## An Interesting Application of Classical Topology in Real Analysis

### Dusan Repovs, University of Ljubljana

**Abstract**
Using one of E.Michael's classical theorems on existence of continuous
selections for multivalued mappings, we shall prove the following
result from real analysis: Let (X, d) and (Y,h) be metric spaces and
suppose that X is locally compact. Let *C*(X, Y) be the space of
all continuous maps from X to Y, endowed with the usual topology of
uniform convergence. Then there exists a continuous singlevalued
function D from *C*(X, Y) x X x (0, \infty) to (0, \infty) such
that for every (f,x,e) in *C*(X, Y) x X x (0, \infty) and for
every x' in X we have d(x, x') < D(f,x,e) implies that h(f(x), f(x'))

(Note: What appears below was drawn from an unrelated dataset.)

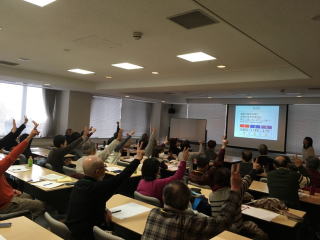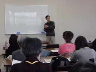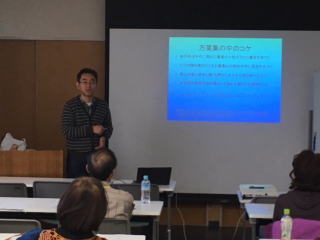 今日は奈良テレビで気象キャスターとしてご活躍中の久保先生の講座。この日の気温は最高3℃、最低-2℃で強風が吹き、まさに数年に一度の記録的寒波のため終日座学となったが、暖かい部屋でじっくりと話が聞けた。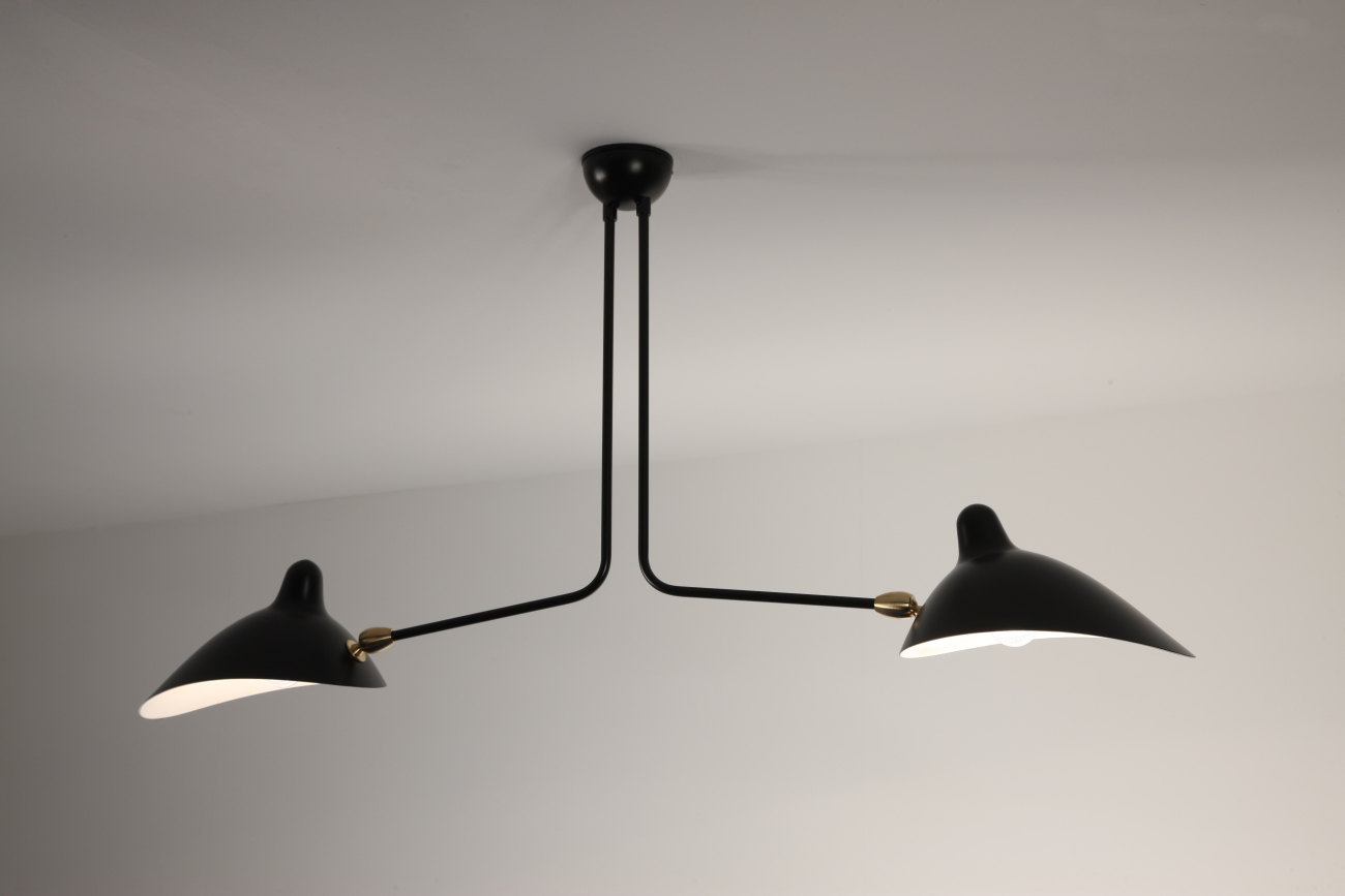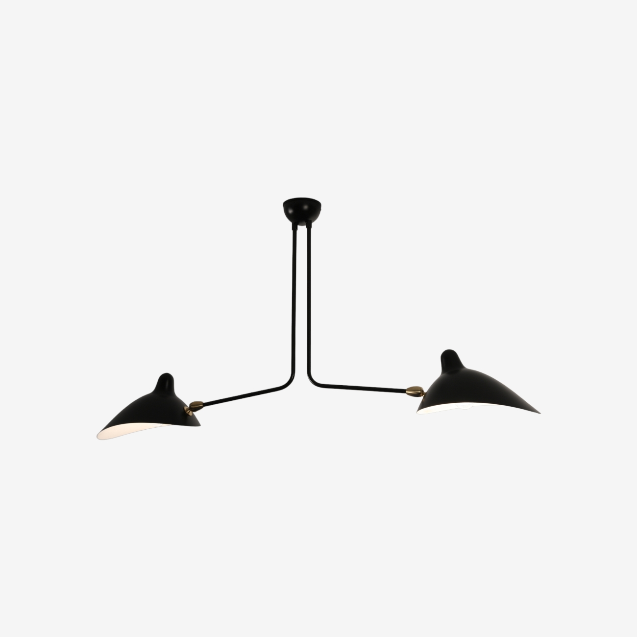 Подвесной светильник Two-Arm Ceiling Lamp от Serge Mouille сочетает в себе простоту и привлекательность. Минималистичный дизайн и нейтральная цветовая гамма делают его одинаково подходящим дополнением как домашнего, так и офисного интерьера.

< e. Alternatively, this result can be proved using a classical
theorem of C.H.Dowker on continuous separation of a lower and upper
semicontinuous functions. As a corollary, we immediately obtain an
elementary proof that the Cantor theorem on uniform continuity implies
the Weierstrass theorem on boundedness of continuous functions on
compacta. This was a joint work with *P.V.Semenov*. We shall
also discuss subsequent joint work with *J.Malesic* on the
modulus of continuity.